So what next? UCAS is a charity that appears to be operated by, for, and on behalf of UK Higher Education (e.g. UCAS Directors’ Report and Accounts 2009). Whilst not FOIable yet, it looked set to become FOIable from October 2011 (Ministry of Justice: Greater transparency in Freedom of Information), though I haven’t been able to find the SI and commencement date that enact this…?). IF it does become FOIable, we may be able to get the data out that way (although memories of the battle between open data advocates and the Ordnance Survey come to mind…) Hopefully, though, we’ll be able to get the data open by more amicable means before then…:-)

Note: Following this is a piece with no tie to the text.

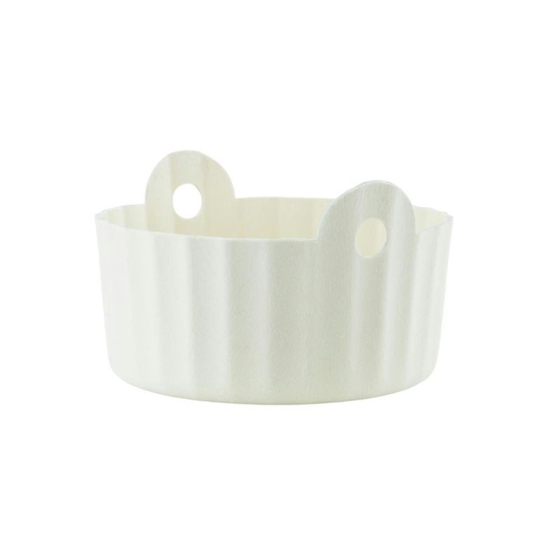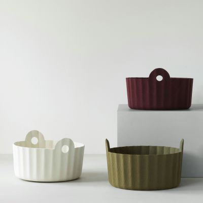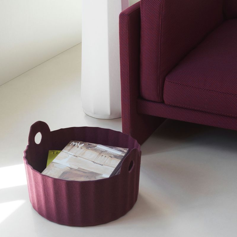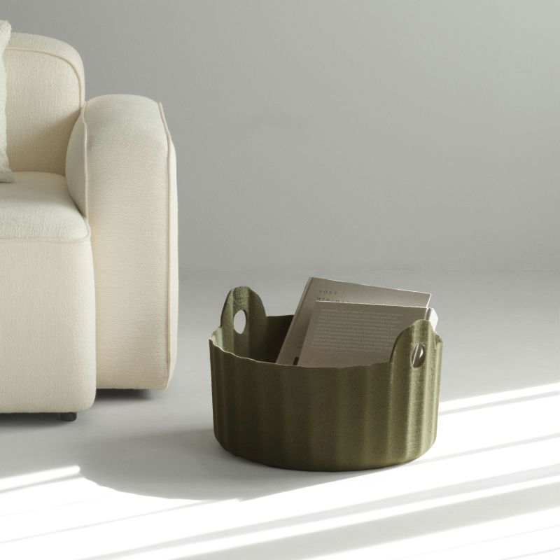Colu Basket, designet af belgiske Baptiste Vandaele, forener funktionalitet med et elegant udtryk. Fremstillet i blødt, men slidstærkt filt af genanvendt PET fra plastflasker, er kurven både let og praktisk. De integrerede håndtag gør den ideel til opbevaring af alt fra magasiner og legetøj til daglige nødvendigheder.

PS a couple of other things that I’ve been dipping into relating to this project. Firstly, the UCAS Business Plan 2009-2012 (doh!):
PPS Please may I also link to your Corporate Business Plan 2009-2012 [ http://www.ucas.com/documents/corporate/corpbusplan09-12.pdf ]
Secondly, the Cabinet Office’s “Better Choices: Better Deals” strategy document [PDF], which as well as its “MyData” right to personal data initiative, also encourages business to put their information (and data…) to work. Whether or not you agree that more information may help to make for better choices from potential students, or that comparison sites have a role to play in this, the UK government appears to believe it and looks set to support the development of businesses operating in this area. For example:
Effective consumer choices are also important in the public sector – such as decisions about what and where to study.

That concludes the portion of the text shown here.